Mammograms : Questions for the Doctor

Mammograms : Questions for the Doctor

A mammogram is an x-ray picture of the breast to check for breast cancer. Mammograms can help find breast cancer early, before it spreads to other parts of the body — and when it may be easier to treat. Mammograms are a form of cancer prevention and should be completed routinely. Together, you and your doctor can decide what’s best for you.

The recommendations are:

  • If you’re 40 or older and have an average risk of breast cancer, yearly screening mammograms should be part of your healthcare.
  • If your breast cancer risk is higher than average, talk to your doctor about a more aggressive breast cancer screening plan that makes the most sense for your particular situation. Your plan may include breast MRI or ultrasound in addition to mammograms.

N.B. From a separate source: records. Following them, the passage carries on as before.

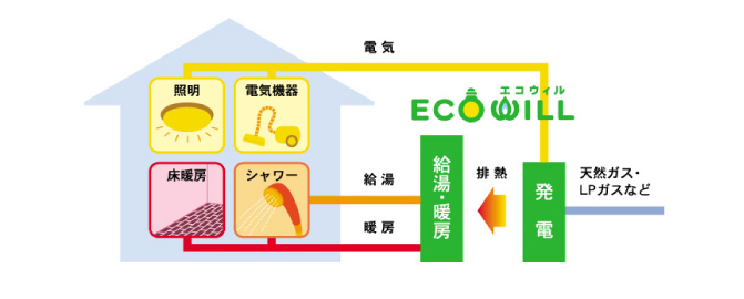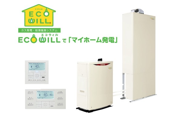 「エコウィル」は、ガスで発電しながらお湯を作る家庭用コージェネレーションシステムです。
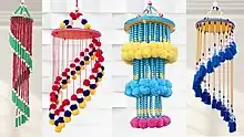- a wooden/woolen toy(or as a decoration) with balls hanging from the main body
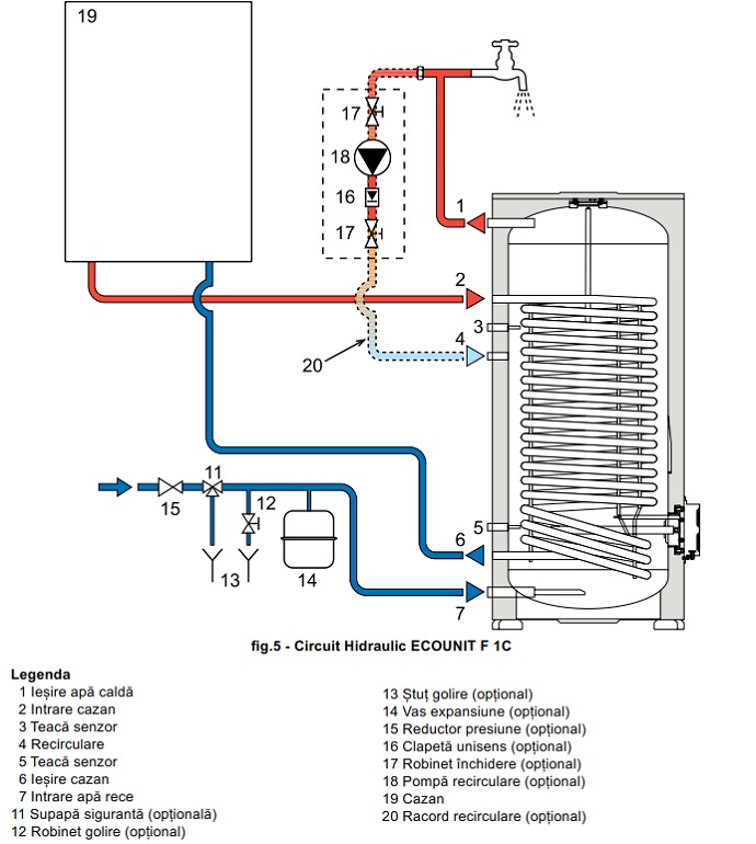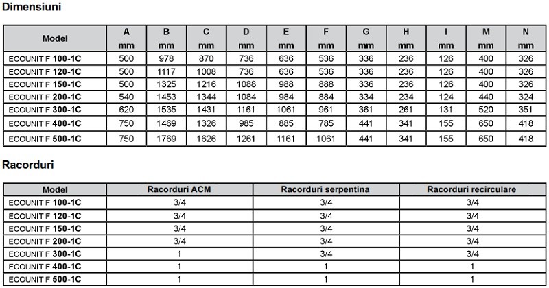 - Modelul Ecounit F 1C este echipat cu o singura serpentina extinsa pentru productia de a.c.m.
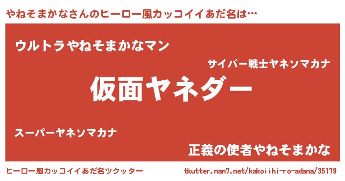 | 男性向けラノベタイトル風あだ名 | 『この素晴らしい世界にやねそまかなを!』 |
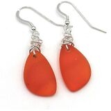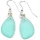 These beautiful handmade drop earrings have sterling silver hooks and a handmade silver knot above each piece of recycled sea glass. Each piece of recycled sea glass is slightly unique in size, color, and opacity; nevertheless, very much what you see in the Aimee Tresor Jewelry product shots. Each purchase includes an inspirational card within each gift box, making your gift or purchase even more special. These natural, nautical, earrings are perfect for yourself or given as a gift. The recycled sea glass eclipse earrings are 21mm x 13mm. A little larger than a dime. Sea glass may have tiny bubbles within the glass and very slight color variation than represented in the picture. This is normal and adds, unique, bubbly, beachy charm. **ALSO AVAILABLE IN SWEETHEART PINK BLUSH, STARRY NIGHT COBALT BLUE, AND DUSTY PERIWINKLE BLUE and DEEP OCEAN BLUE. Please take care not to wear in pool or hot tub. We want you to enjoy your Aimee Tresor Jewelry for years to come!
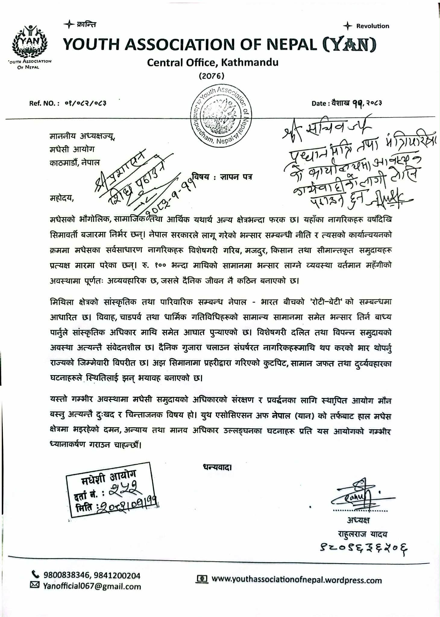ज्ञापनपत्रमार्फत यानले मधेशी समुदायको अधिकार संरक्षणका लागि स्थापित मधेशी आयोगले प्रभावकारी भूमिका खेल्नुपर्नेमा जोड दिएको छ । साथै, प्रधानमन्त्री तथा मन्त्रिपरिषद्को कार्यालयमार्फत आवश्यक पहल गरी नीतिगत सुधार गर्न माग गरिएको छ ।
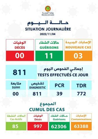 أعلنت وزارة الصحة تسجيل 03 إصلبات جديدة بفيروس كورونا و11 حالة شفاء دون تسجيل أي حالة وفاة مرتبطة بالفيروس خلال 24 ساعة الماضية.
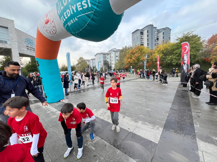 Emniyet ve Kanuni Caddelerini koşarak geçen çocuklar Nilüfer Belediyesi Halk Evi meydanındaki bitiş noktasına ulaştılar.
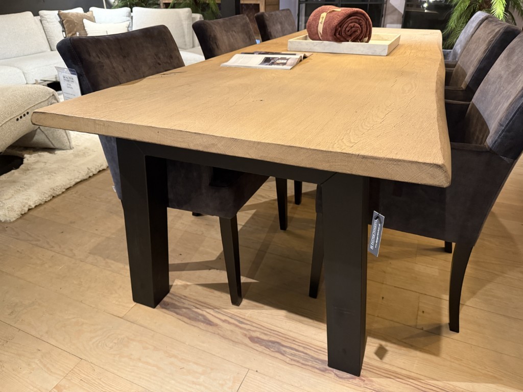 Dining table with a tabletop of rustic, baked oak wood and an N-profile base of black powder-coated metal.
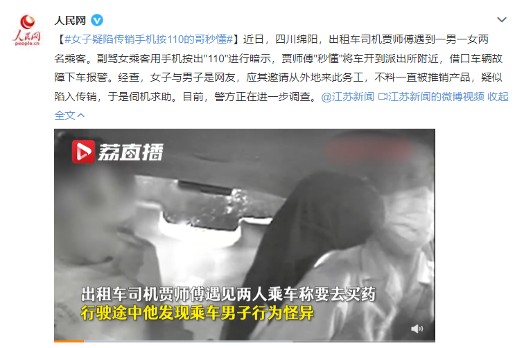 近日,四川绵阳,出租车司机贾师傅遇到一男一女两名乘客。副驾女乘客用手机按出"110"进行暗示,贾师傅"秒懂"将车开到派出所附近,借口车辆故障下车报警。经查,女子与男子是网友,应其邀请从外地来此务工,不料一直被推销产品,疑似陷入传销,于是伺机求助。目前,警方正在进一步调查。
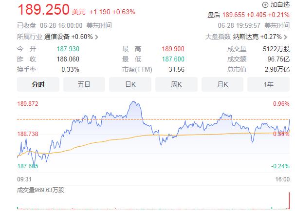 苹果股价创新高;科技巨头苹果股价截至周三收盘升至创纪录高位,苹果市值再一次接近3万亿美元。周三苹果股价收于189.25美元,市值达到2.98万亿美元。

Like all medical tests, mammograms have benefits and risks. These benefits and risks depend on your age and your personal risk of breast cancer. Use the questions below to start a conversation with your doctor about mammograms.

Mammogram for Breast Cancer Screening

What about cost?

Insurance plans must cover mammograms for women aged 50 and over — and some younger women at higher risk for breast cancer. That means you may be able to get mammograms at no cost to you. Talk to your insurance company to find out more. In Georgia, there are many resources for those needing financial assistance to complete your screenings, and CHW offers advanced diagnostic breast cancer screenings. 

What do I ask the doctor?

When you visit the doctor, it helps to have questions written down ahead of time. You may also want to ask a family member or close friend to go with you to take notes. Remember, this is your healthcare, and your doctor is part of your team. If you feel that your current doctor is not welcoming to your questions or your needs, it might be the right time to consider a different doctor. Remember to advocate for yourself and insist on what you feel is correct for you when it comes to preventative screenings.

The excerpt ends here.